Task directions: The expected result is a verbatim repetition of the lines from the start of the entries through the line containing "Featuring ribbons of", with the pictures removed.
Top of Source material
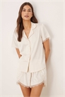 Комплект короткой ночной одежды для подружек невесты из атласа с кружевными манжетами на пуговицах и асимметричным подолом
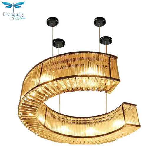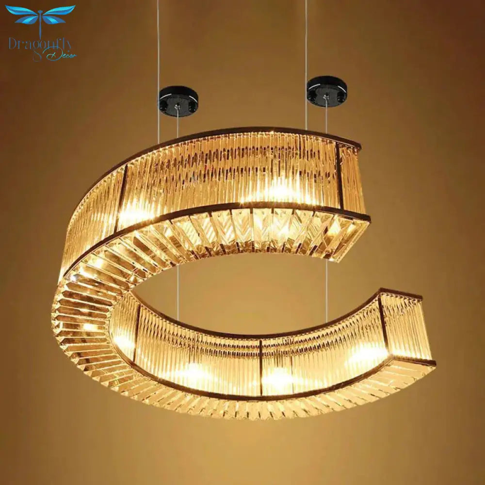 6 Bulbs Crystal Block Hanging Chandelier Vintage Gold C-Shaped Living Room Pendant Lighting Fixture
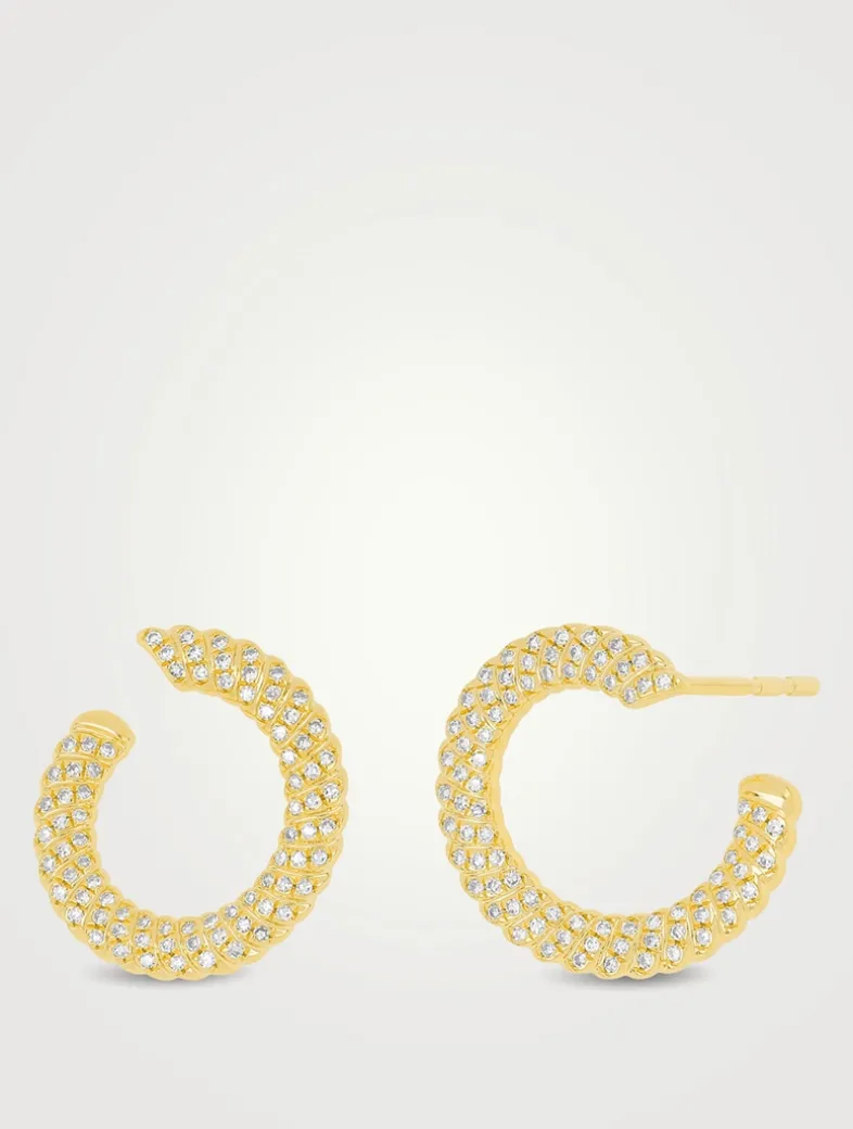 Featuring ribbons of pavé diamonds and gold with a semi-circle shape that envelopes the lobe, these earrings offer an unexpected twist.
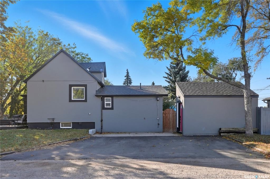 Welcome to 1041 Ave L N in Hudson Bay Park! This well-cared-for home offers just over 800 sq. ft. of living space on a corner lot that backs onto a park and dog park, with barely any neighbours. Inside, you'll find a cozy layout with a loft-style bedroom upstairs and a beautifully updated main level. The property also features a she shed currently used as a salon with a small deck and heat! Enjoy the heated double heated car garage and an impressive list of updates that make it truly move-in ready. Recent improvements include: 2” foam acrylic stucco (2018), new air conditioner (2019), new roof shingles (2021), a brand new garage (2022), a full kitchen renovation with Superior Cabinets (2022), all new electrical, insulation, drywall, plumbing and flooring on the kitchen level (2022), a new bathroom with Superior Cabinets (2022), vinyl fencing (2022), a new driveway (2023), Brandy's She Shed (2023), and a composite back deck (2024). The home also had all new doors and windows installed in 2017 (except the bay window at the front). Located close to parks, schools, and amenities, this home perfectly combines modern upgrades, character, and an excellent location.
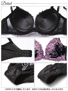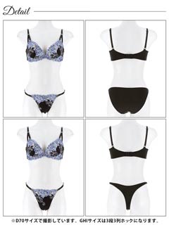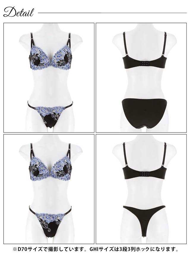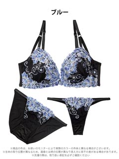 ダスティブルームエンブロイダリー育乳脇高ブラジャー&バック透けフルバックショーツ
Bottom of Source material
Answer:
 Комплект короткой ночной одежды для подружек невесты из атласа с кружевными манжетами на пуговицах и асимметричным подолом
 6 Bulbs Crystal Block Hanging Chandelier Vintage Gold C-Shaped Living Room Pendant Lighting Fixture
 Featuring ribbons of pavé diamonds and gold with a semi-circle shape that envelopes the lobe, these earrings offer an unexpected twist.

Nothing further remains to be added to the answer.